O Governo do Estado do Tocantins, sensibilizado com a situação, por meio de um decreto declarou a estrutura de armazenagem existente em Pedro Afonso e que atendia os produtores de grãos como sendo de utilidade pública, para fins de desapropriação. Depois de emitido o Termo de Posse, em abril de 2000, a Coapa passou a administrar e operacionalizar a estrutura.

Ao longo de quase 20 anos, a Coapa desempenha um papel importantíssimo não apenas na região de Pedro Afonso, mas também no Tocantins. Tem inúmeros parceiros devido a respeitabilidade e credibilidade conquistadas ao longo deste período.

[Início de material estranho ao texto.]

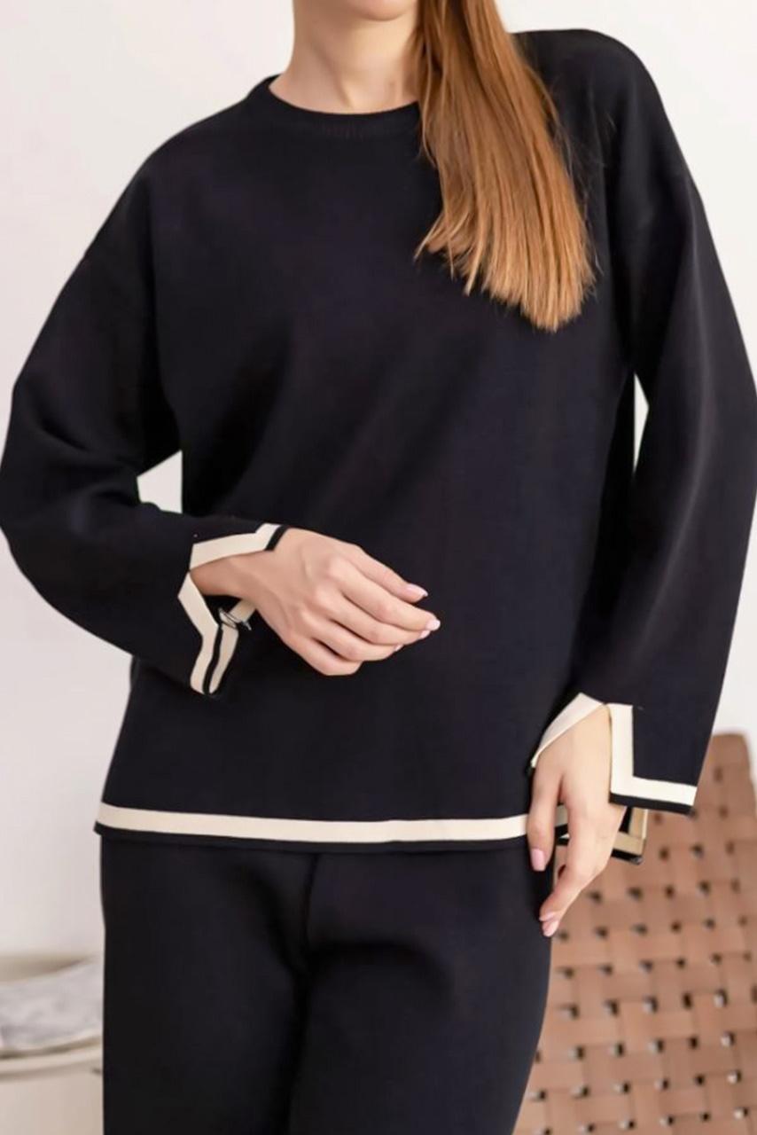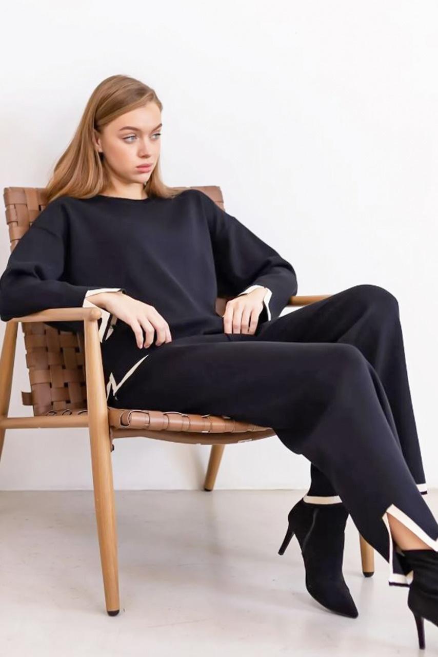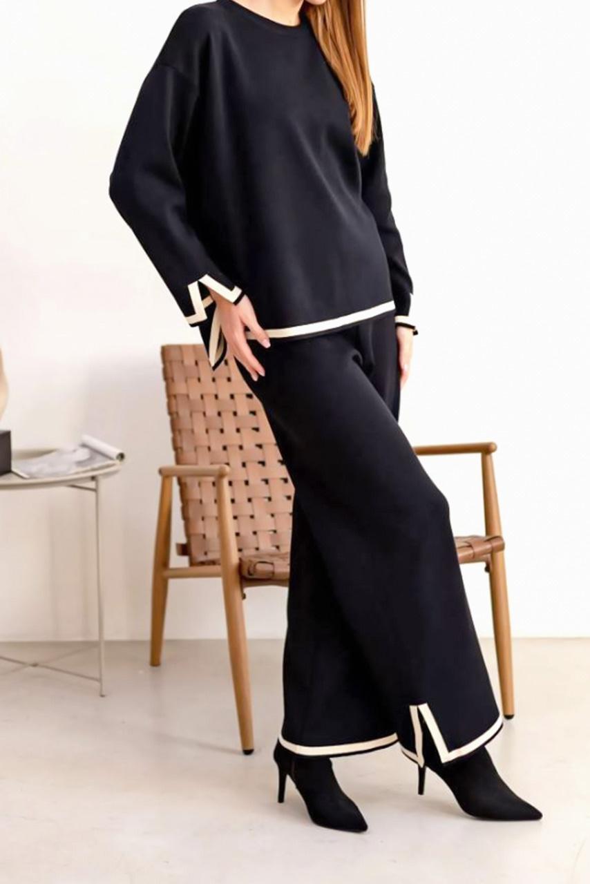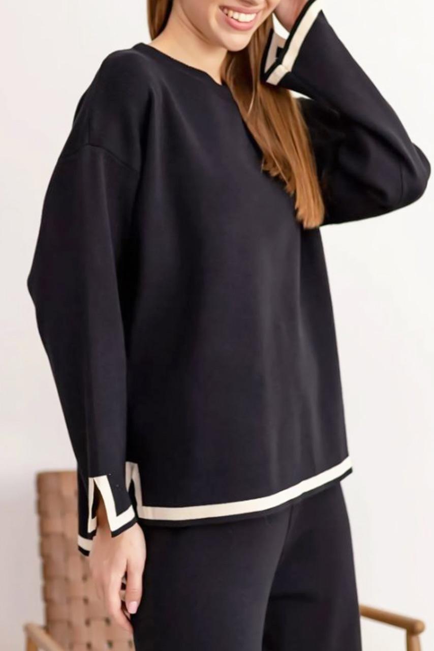 Casual all day μάλλινο σετ παντελόνι και μπλούζα σε μαύρη απόχρωση για όλες τις ώρες της ημέρας.

Representa cada vez mais a voz dos produtores, contribuindo de forma decisiva para a consolidação da agropecuária tocantinense.

A cooperativa busca a sustentabilidade, fomentando a pesquisa, fornecendo insumos e serviços técnicos de alta qualidade, prestando serviços na área de armazenamento de grãos, provendo a região com assessoramento e assistência técnica, sempre primando pela ética e pelos valores cooperativistas.

A Coapa, conforme ela se auto define, é sinônimo de vanguarda e competência em termos de cooperativismo, servindo como referência tanto para as famílias que integram seu quadro social quanto para os produtores que chegam todos os dias e de todos os recantos do país, com objetivos de se fixarem nesta região e, com seu trabalho, contribuírem também para o desenvolvimento do agronegócio regional.

Atualmente a Coapa atende cooperados produtores de soja e da agricultura familiar, agrupados ou não em associações na região de Pedro Afonso, estendendo sua área de atuação para Bom Jesus do Tocantins, Tupirama, Rio Sono, Guaraí, Fortaleza do Tabocão, Miracema, Santa Maria, Tocantínia, Itacajá, Itupiratins, Goiatins, Recursolândia e Centenário.

Unidade de produtos agroveterinários da Coapa (Foto:: Antônio Oliveira)
Unidade de produtos agroveterinários da Coapa (Foto:: Antônio Oliveira)

Em 2010 inaugurou sua Unidade Agroveterinária para atender a demanda de seus cooperados, oferecendo produtos necessários à viabilização dos projetos de PRONAF, FNO, entre outros, e prestando assistência técnica especializada (veterinário, zootecnista, engenheiro agrônomo e técnicos agrícolas).

A Coapa mantém parcerias com a Campo (promoção de negócios na atividade Integração Lavoura-Pecuária), com a Embrapa (Projeto Reniva e PIF – Produção Integrada de Frutas) e parcerias estratégicas em áreas de interesse de seus cooperados, com o Ruraltins, Adapec, inPEV, Seagro, OCB/SESCOOP, Sebrae, Sindicato Rural de Pedro Afonso e Região, outros órgãos estaduais, municipais e federais, além de empresas do ramo de commodities e agrobusiness.

A cooperativa também incentiva a sucessão e a participação dos jovens e mulheres em suas atividades. Nesse sentido, foram criados o Núcleo Jovem Cooperativo do e o Núcleo Feminino.

Conta atualmente com 250 cooperados – com meta de chegar a 300 até o ano de 2020 -,   e 51 colaboradores.